Esse novo posicionamento causou muitos conflitos e resistências entre os funcionários. Segundo a presidente, essa realidade, somada à presença de funcionários de cargos de confiança não vinculados ao quadro funcional, levou a um embate entre os “de fora” – assessores e cargo de confiança da presidência – e os “de dentro” da instituição – funcionários do quadro, inviabilizando, muitas vezes, ações de mudanças. Um exemplo desse conflito foi a dificuldade de fazerem parceria de trabalho com o projeto Hip-Hop, em que os oficineiros eram adolescentes de periferia, o que os faziam alvo de discriminação por parte dos funcionários da FEBEM. Mesmo assim, avalia a presidente,

Foram visíveis as contribuições desses assessores, principalmente, na área de Projetos e Capacitação de Recursos (que possibilitou a apresentação de projetos qualificados e inovadores e, com isto, aumentando as chances de disputa junto às agências financiadoras) e também na Pesquisa (implantando procedimentos gerais, como a utilização de dados existentes sobre o atendimento e a criação de novos identificadores para “administrar com a força dos fatos”) (OLIVEIRA, 2001:214).

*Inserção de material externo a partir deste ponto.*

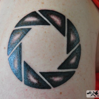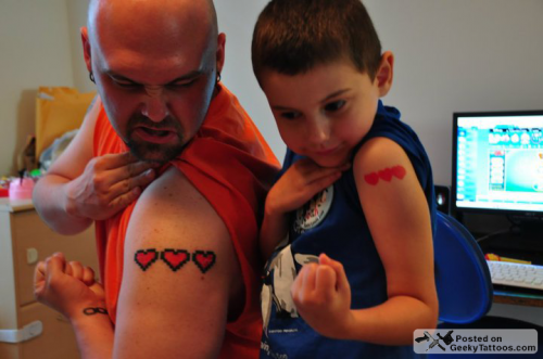 Jason‘s got a mix of old school gaming with the 8-bit Zelda hearts as well as new school gaming with both the Aperture logo and BioShock chains. He says the 3 hearts are for his wife, son, and daughter. The Aperture logo? A double whammy since he loves photography and Portal! I’d ask more about what’s up with the chains, but I dunno if I want to know that much about Jason!
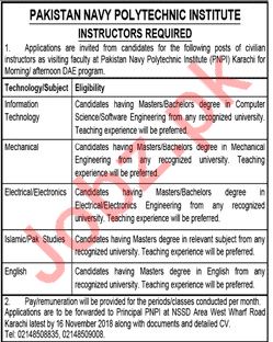 Vacancies in Pakistan Navy Polytechnic Institute Advertisement November 2018
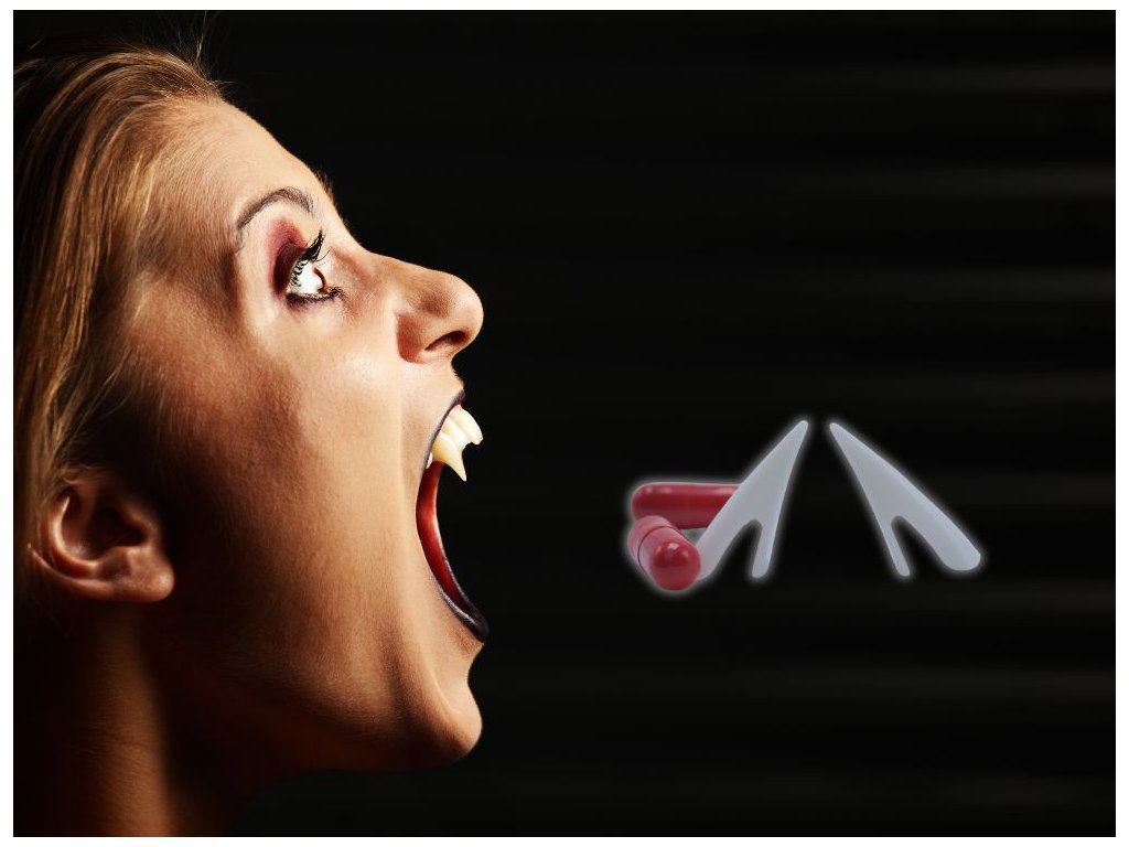 Falešné zuby jsou velmi jednoduché na použití. Stačí je vložit do úst a přizpůsobit je svému chrupu. Kapsli s krví lze snadno otevřít a aplikovat na zuby pro dosažení realistického efektu. Poté, co skončíte s večerem, je můžete jednoduše vyjmout a uschovat pro další použití.
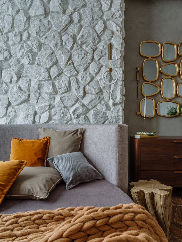 Стильная евродвушка 63 м² с красивой росписью в спальнеДизайн
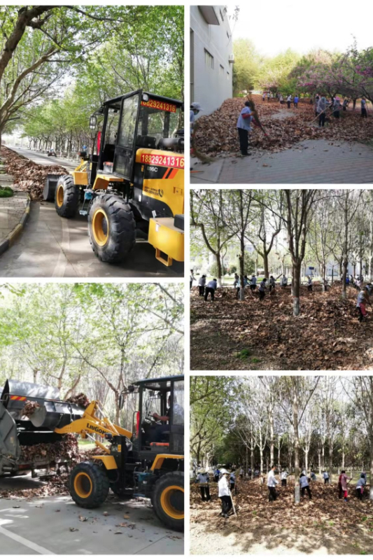 2022年4月10日上午,后勤处组织物业公司人员清理小树林堆积落叶,大家戮力同心,扫、清、运分工明确,高效率地把树林里堆积落叶清理完成。使用专用设备压缩清运树叶60余吨。
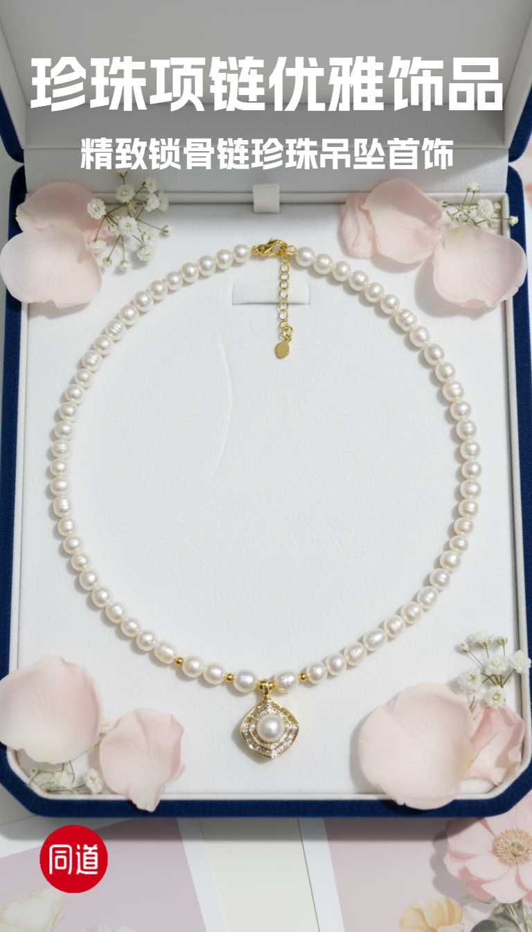 轻奢极简 7mm淡水珍珠满钻吊坠 锁骨链 毕业季礼物 [发:79]
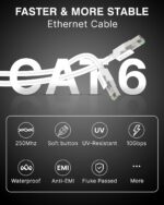 ✔️HIGH-PERFORMANCE INTERNET CABLE IS CAT6 RATED – The Ethernet cord with 24 AWG CCA wire provides universal connectivity for LAN network components such as PCs, computer servers, printers, routers, switch boxes, TV, Gaming Devices, network media players, NAS, VoIP phones, PoE devices, and more.
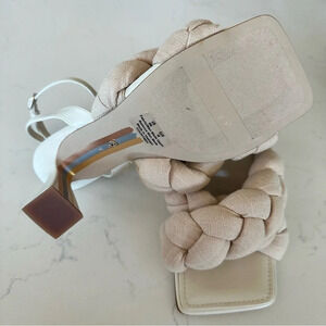 Braided straps add abundant texture to an outfit-making sandal set on a flared heel
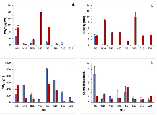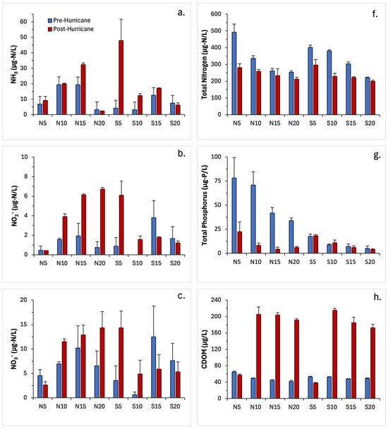 Pre- and post-hurricane (August 2022 and October 2022) concentrations for (a) ammonia (NH3) (b) nitrite (NO2−) (c) nitrate (NO3−) (d) orthophosphate (PO43−) (e) silica (SiO2) (f) total nitrogen (g) total phosphorous (h) chromophoric -dissolved organic matter (CDOM) (i) turbidity and (j) chlorophyll a averaged across three depths (surface, middle, bottom) for each site along the north transect (N5–N20) and south transect (S5–S20). Error bars are S.E.M. (N = 3).
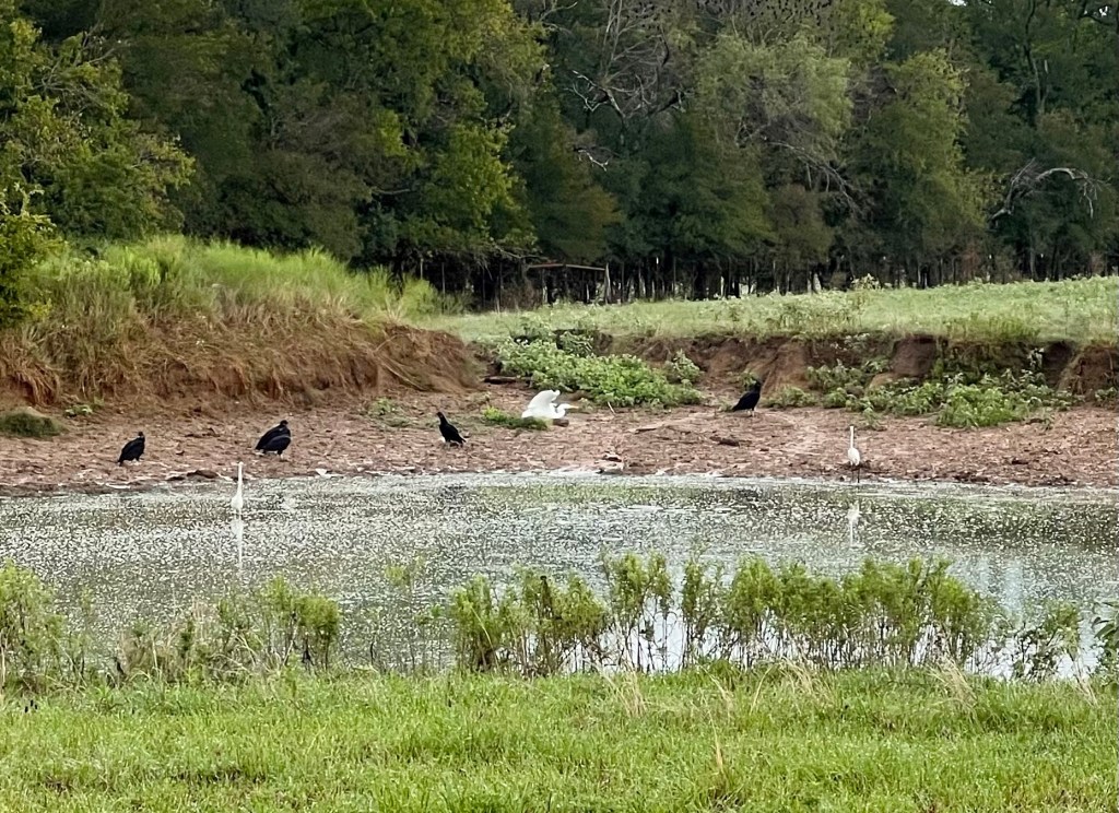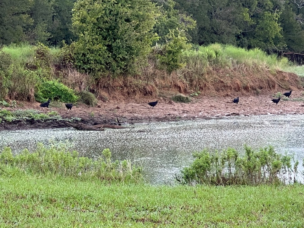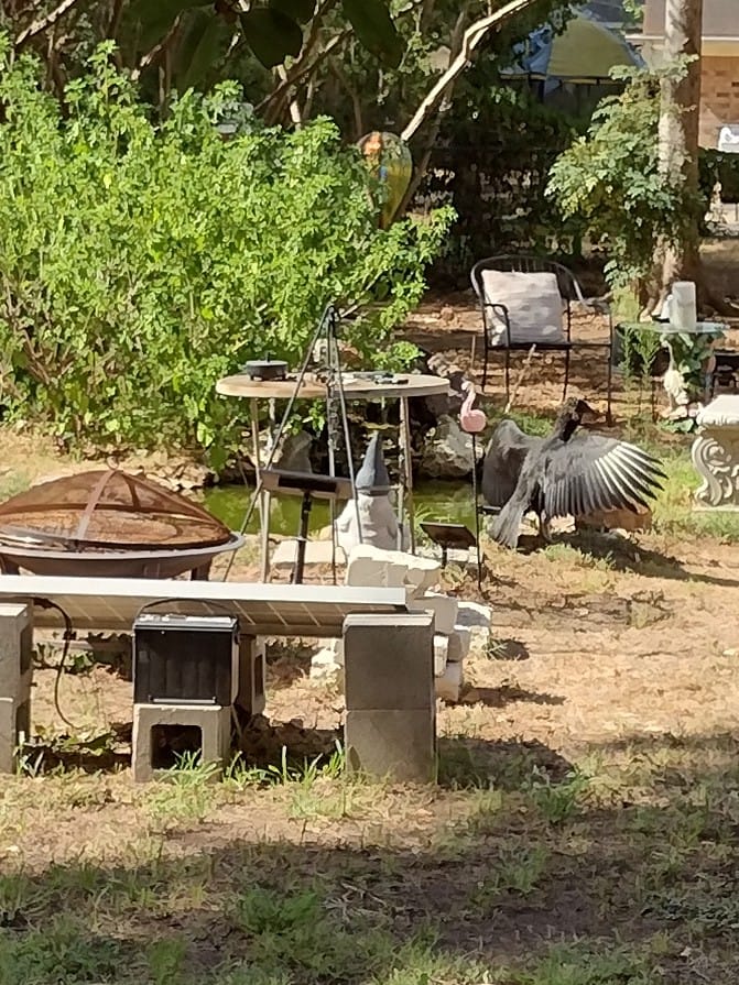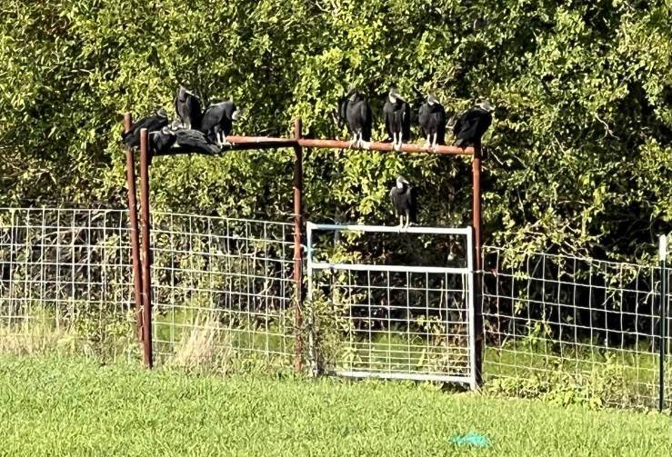 Debbi shared that their barn is a vulture nesting headquarters for a pair, and that they enjoyed watching one with just stumps for feet (Old Peg) as it grew. Debbi shares her garbage with them and gets lots of observations in return. I also enjoy watching them. They are graceful in the air but are pretty fun on the ground. I love to watch them as they hop, hop, hop around my tank behind the house.

Segundo a presidente, a máquina burocrática existente dificultou o surgimento de uma nova lógica institucional. Para ela, a estrutura burocrática da FEBEM estava composta por muitos profissionais que tinham uma militância que muito se assemelhava aos efeitos da máquina de disciplina da instituição total. (OLIVEIRA, 2001: 216).

Em síntese, a introdução de uma nova lógica administrativa provocou sérios embates entre a nova gestão e os setores que se sentiam ameaçados pelas novas diretrizes e pela presença de assessores externos que não pertenciam ao quadro funcional. A situação foi agravada com a ocorrência de um motim, em setembro de 1999, que ocasionou a morte de um monitor. Em função desses fatos, a Comunidade Socioeducativa - CSC, unidade em que ocorreu o conflito, foi

reformada. Durante a reforma, os internos foram transferidos para a cidade de Osório. Em agosto de 2000, pouco tempo após o retorno dos internos para Porto Alegre, ocorreu outro motim que teve grande repercussão na imprensa. Esse fato teve como desdobramento a solicitação, pelo Judiciário e pelo Ministério Público, de afastamento da presidente da FEBEM. O Judiciário e o Ministério Público entraram com uma representação criminal e um pedido de liminar, feitos para julgar o suposto crime de falsidade ideológica e irregularidades administrativas. A liminar sustentava que a instituição teria permitido aos adolescentes de primeiro ingresso ter contato com os adolescentes com perfis “bem mais comprometidos”. Segundo essa liminar, esse fato colocou em risco irreparável a ordem e a segurança pública. Também foi alegado que a direção tinha faltado com a sinceridade, pois fornecera informações sobre as condições físicas da instituição não condizentes com a realidade.

Segundo a gestora, a atitude do Ministério Público foi desproporcional, uma vez que nenhum pedido de afastamento foi encaminhado em gestões anteriores onde ocorreu uma sucessão de episódios violentos, com morte de internos e sérias denúncias de violação de direitos humanos (OLIVEIRA, 2001:217). A hipótese que esta gestora levantou em relação à desproporcionalidade das penalidades aplicadas é a de que houve um embate político e oposição a um projeto que tinha como objetivo institucional a inclusão social dos adolescentes que são vistos pela sociedade como “lixo humano”. Lembra, essa gestora, que outras gestões anteriores também foram interrompidas de forma traumática, suspendendo os processos, e, assim, colocando a instituição em um eterno recomeço (OLIVEIRA, 2001:220).